“Turn off the car’s light!” a band member whimpered.
Loki turned off the dashboards light, slipped under his blanket, and hugged his Alicorn. One of the things he wanted to go back home for was the possibility he’d end up hugging a girl he loved at night instead of an Alicorn.
He started counting sheep again. After sinking into sleep, he saw two black sheep. All the other sheep were baa baaaing at the two outcasts. He knew he was one of the two black sheep, and wondered who the other one was. Was it his dark shadow from the past, the one Charmwill had told him about, or maybe Snow White, the vampire princess herself?

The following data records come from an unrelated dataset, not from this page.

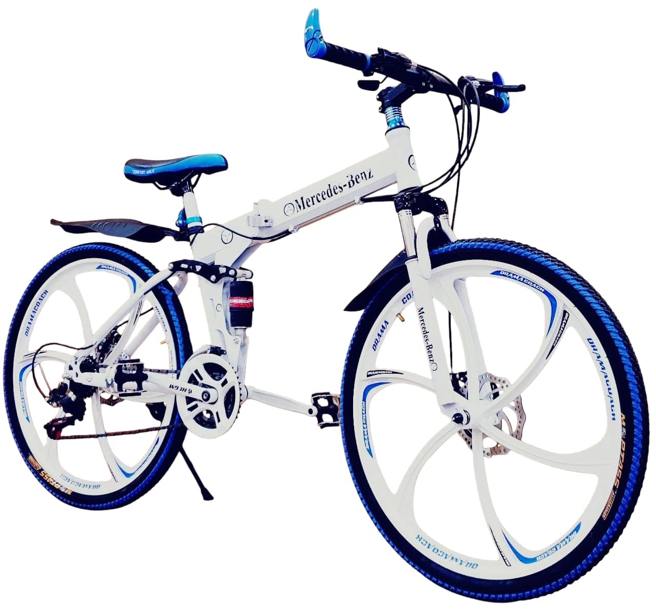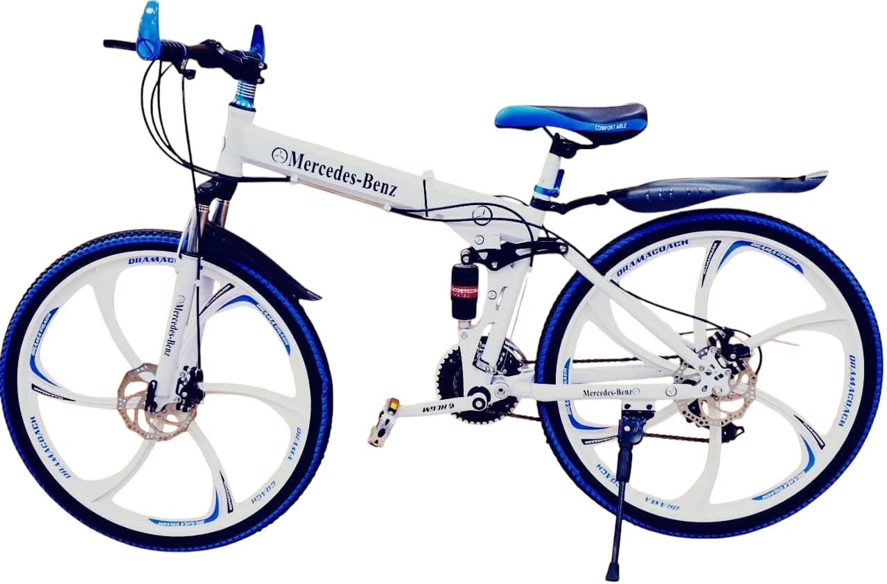 Amaze Kai Dual Suspension Bikes Latest Bmv Foldable Gear Cycle for Men with 21 Speed Gear 6 Spoke | Folding Mountain Bike with Double Disc Break & Mac Wheel, 26 Inch, (White)
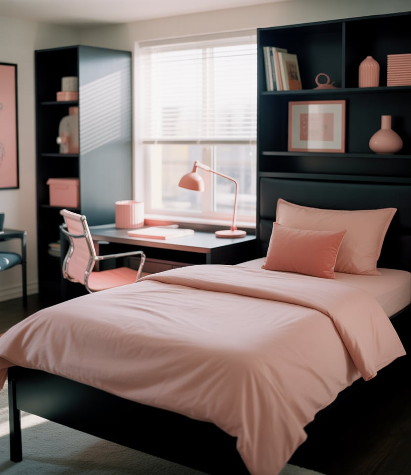 Mixing black and pink creates contrast that feels bold yet balanced. Dark furniture grounds the space, while pink accents add personality and softness. The result is expressive without feeling chaotic, ideal for students who want their dorm to stand out.
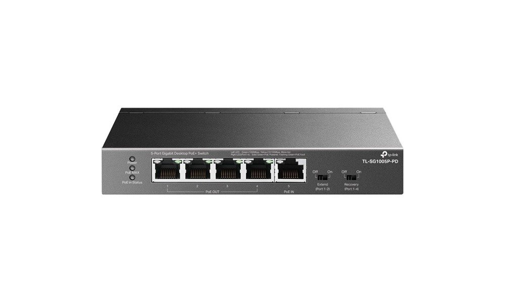 €41.30TP-Link TL-SG1005P-PD V1 - Switch - unmanaged - 4 x 10/100/1000 (PoE+) + 1 x 10/100/1000 (PoE++) - desktop, wall-mountable - PoE++ (66 W)
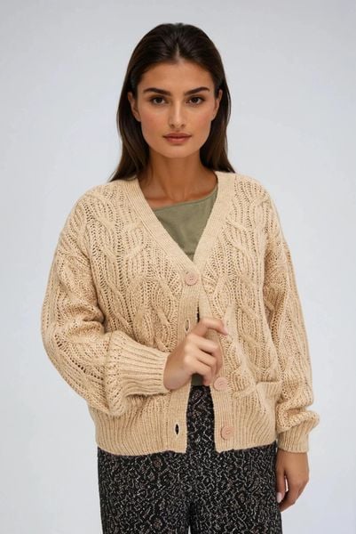 Jasnobeżowy Kardigan z Dekoltem w Serek z Dzianiny z Wełną i Moherem Lismio

Loki stopped dreaming and slept soundly to the melody.
Zzzz. Zaa. Zoomm.
It was hard to tell what time it was when Loki woke up again later in the night. Tucked under his blanket, eyes heavy, he noticed the Pumpkin Warriors had stopped snoring. The night was silent as the dead.
Loki wasn’t ready to wake up, so he decided to roll over on his other side and continue sleeping.
Then he heard something.
“Row, row, row your boat,” a girl with a sweet voice was singing outside his car.
Loki’s eyes sprang open. These weren’t the little girls singing this time. He knew the girl’s voice. It was the same sweet voice he’d heard tonight, and he doubted he’d ever forget it the rest of his life. It was Snow White’s voice.
“Gently down the stream,” she sang.
Loki was afraid to look through his window and find her waiting for him outside. Had she followed him?
He held his Alicorn ready, wondering how close she was.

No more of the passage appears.